### INPUT DATA ###
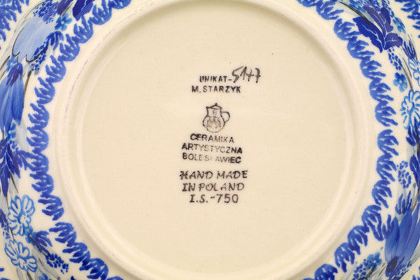 This Polish Pottery 9" Pasta Bowl - Blue Wildflower Patch is handmade and handpainted by the Ceramika Artystyczna factory in Boleslawiec, Poland.
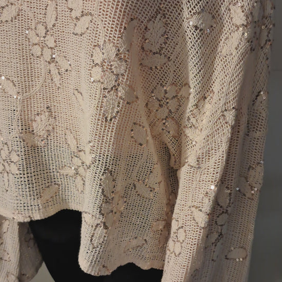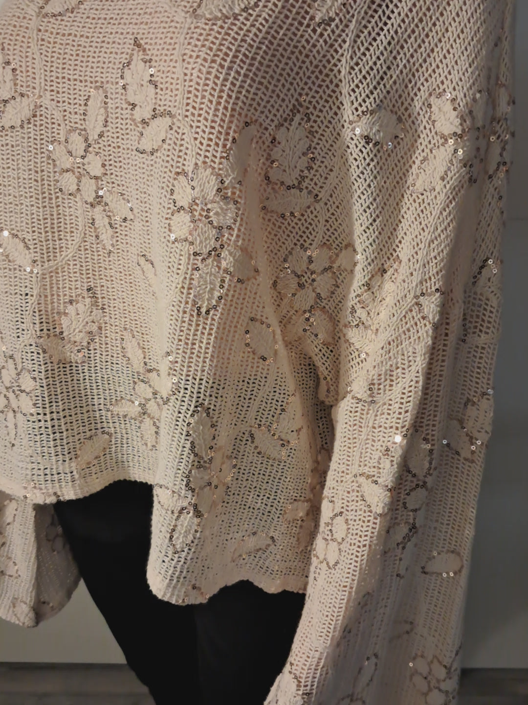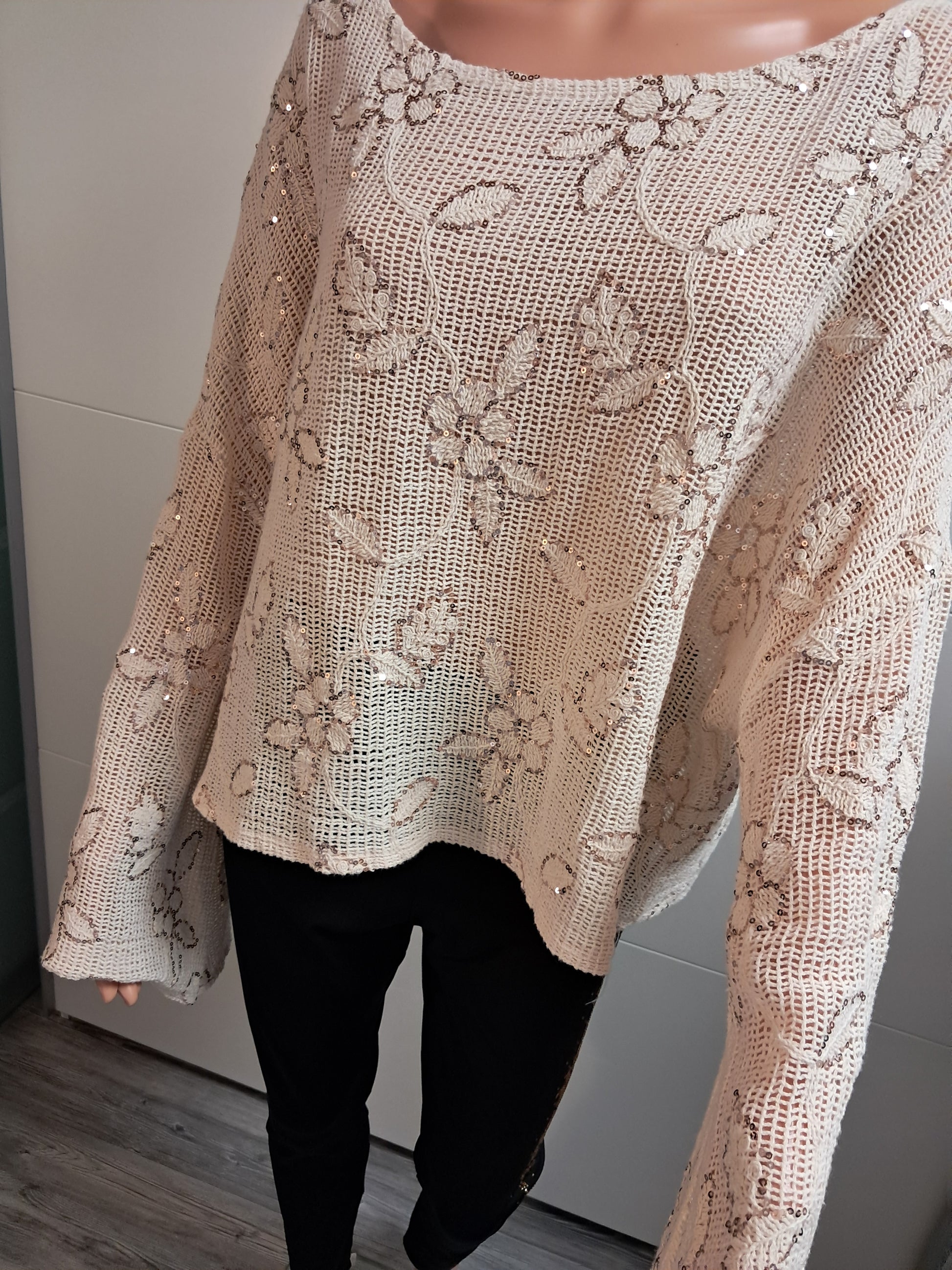 Hier habe ich noch ein Netz Sweatshirt mit ausgestellten Ärmel und weiten Sitz, wird locker über die Schulter getragen. Die Blumen und Blätter sind mit Pailletten umnäht, schaut Euch dazu mein Video an.
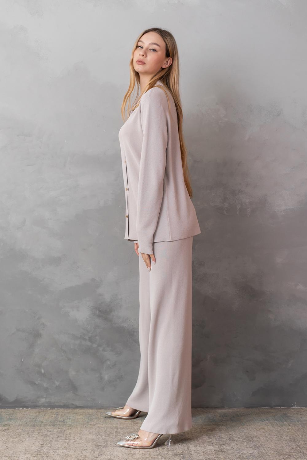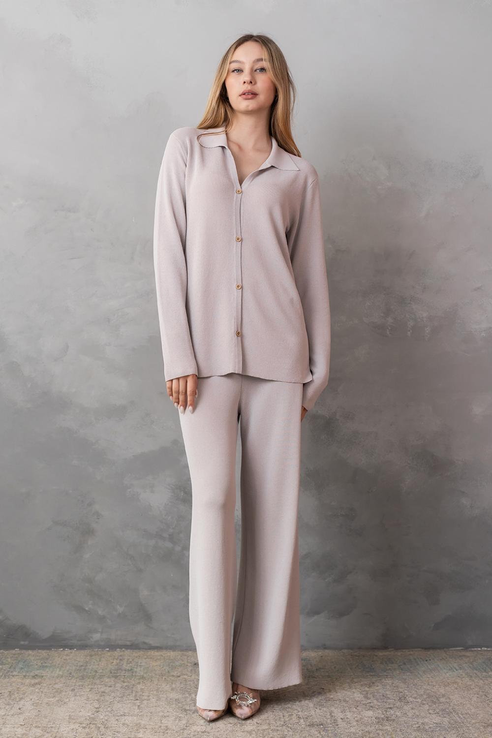 У комплект до штанів можна підібрати кардиган-сорочку такого ж кольору та якості.
###
PROBLEM DETAILS:
Set down exactly, from the line that contains "Hier habe ich" through the last line of the data, each line as it stands, and leave the pictures out.

SOLUTION BELOW:
 Hier habe ich noch ein Netz Sweatshirt mit ausgestellten Ärmel und weiten Sitz, wird locker über die Schulter getragen. Die Blumen und Blätter sind mit Pailletten umnäht, schaut Euch dazu mein Video an.
 У комплект до штанів можна підібрати кардиган-сорочку такого ж кольору та якості.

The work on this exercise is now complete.